**GIVEN INFORMATION**
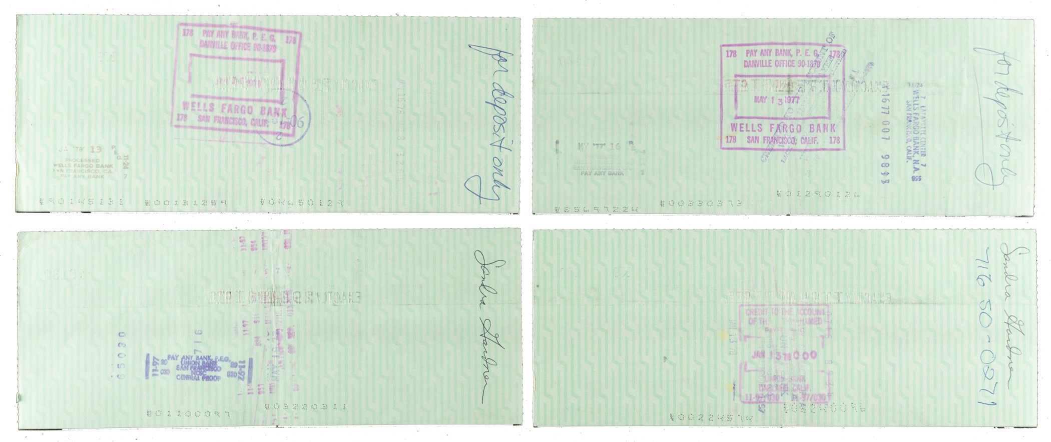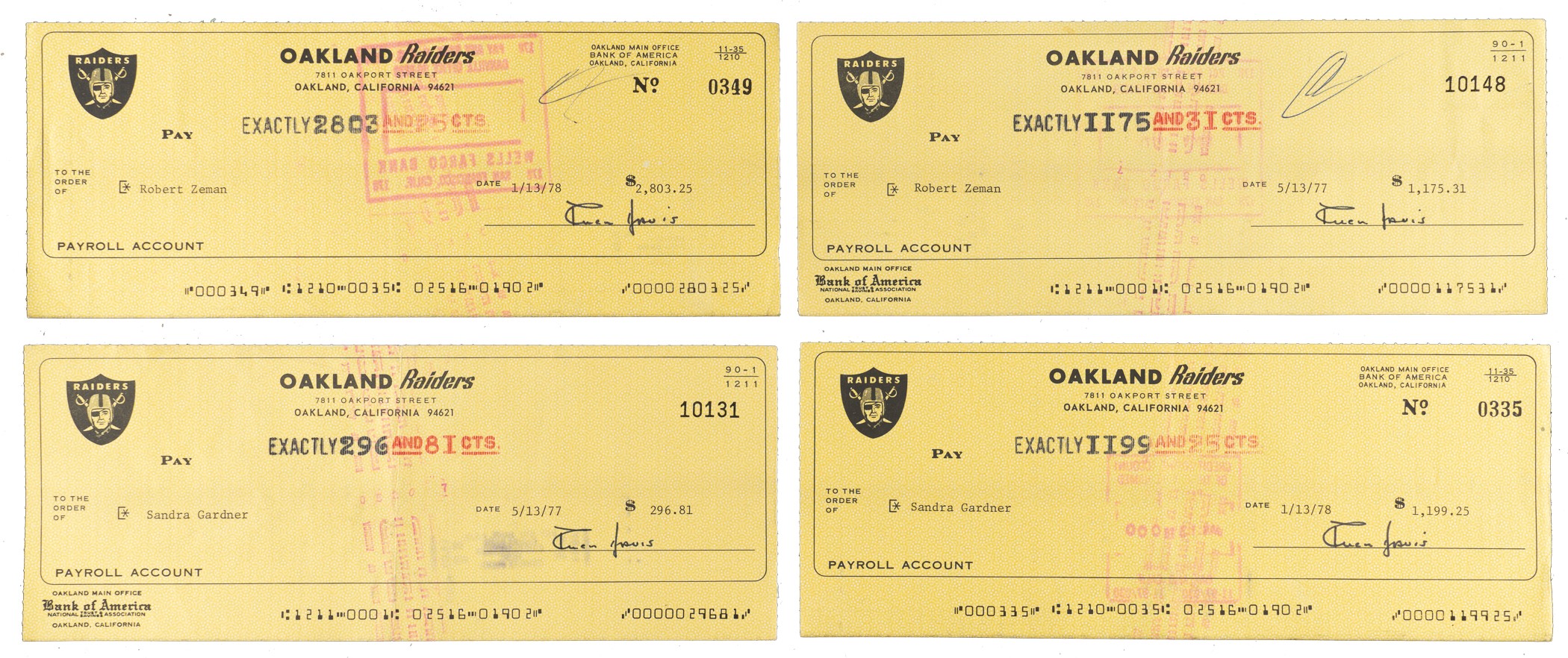 Collection of four Oakland Raiders payroll checks signed by longtime owner Al Davis between the years 1977 and 1978. A three-time Super Bowl champion, Davis is best remembered today for his motto "Just win, baby." The signatures, scripted in black ink, average "9/10." The check dates are as follows: 1977 (2): both dated from May 13; 1978 (2): both dated from January 13th. The checks (8.5 x 3.5 inches) all display normal bank cancellation stamps and a vertical fold line down the middle. Each check has some light creasing, but are in otherwise Excellent condition overall. Total: 4 checks. Auction LOA from James Spence/JSA. Reserve $200.
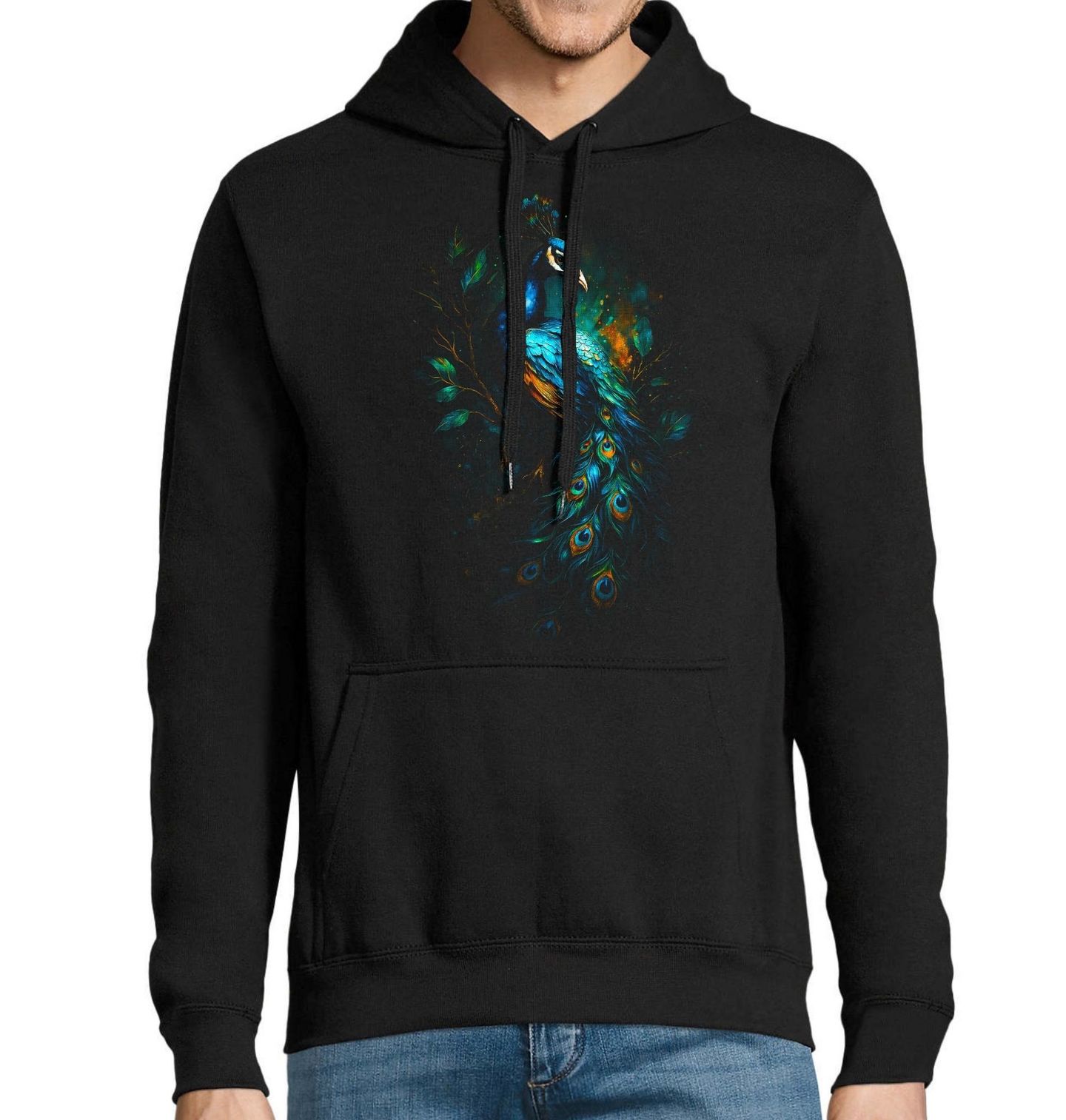 Pánská mikina Páv modrý. Páv korunkatý je také někdy nazýván jako páv modrý. Spolu s pávem zeleným patří do čeledi bažantovitých. Páv modrý je pták symbolizující krásu, hrdost, noblesu a jedinečnost. V mnoha kulturách je spojován s královskou důstojností, ochranou a nesmrtelností.
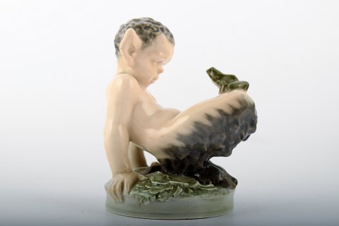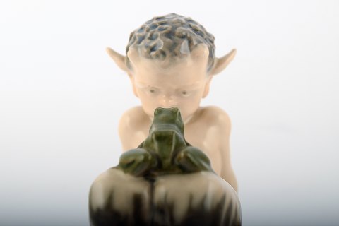 Royal Copenhagen faun with frog. Number 1713. Heights 12 cm. In perfect condition, factory first quality.

**WHAT THIS TASK INVOLVES**
Copy out the material above in full and exactly, but with no pictures.

**FINAL ANSWER**
 Collection of four Oakland Raiders payroll checks signed by longtime owner Al Davis between the years 1977 and 1978. A three-time Super Bowl champion, Davis is best remembered today for his motto "Just win, baby." The signatures, scripted in black ink, average "9/10." The check dates are as follows: 1977 (2): both dated from May 13; 1978 (2): both dated from January 13th. The checks (8.5 x 3.5 inches) all display normal bank cancellation stamps and a vertical fold line down the middle. Each check has some light creasing, but are in otherwise Excellent condition overall. Total: 4 checks. Auction LOA from James Spence/JSA. Reserve $200.
 Pánská mikina Páv modrý. Páv korunkatý je také někdy nazýván jako páv modrý. Spolu s pávem zeleným patří do čeledi bažantovitých. Páv modrý je pták symbolizující krásu, hrdost, noblesu a jedinečnost. V mnoha kulturách je spojován s královskou důstojností, ochranou a nesmrtelností.
 Royal Copenhagen faun with frog. Number 1713. Heights 12 cm. In perfect condition, factory first quality.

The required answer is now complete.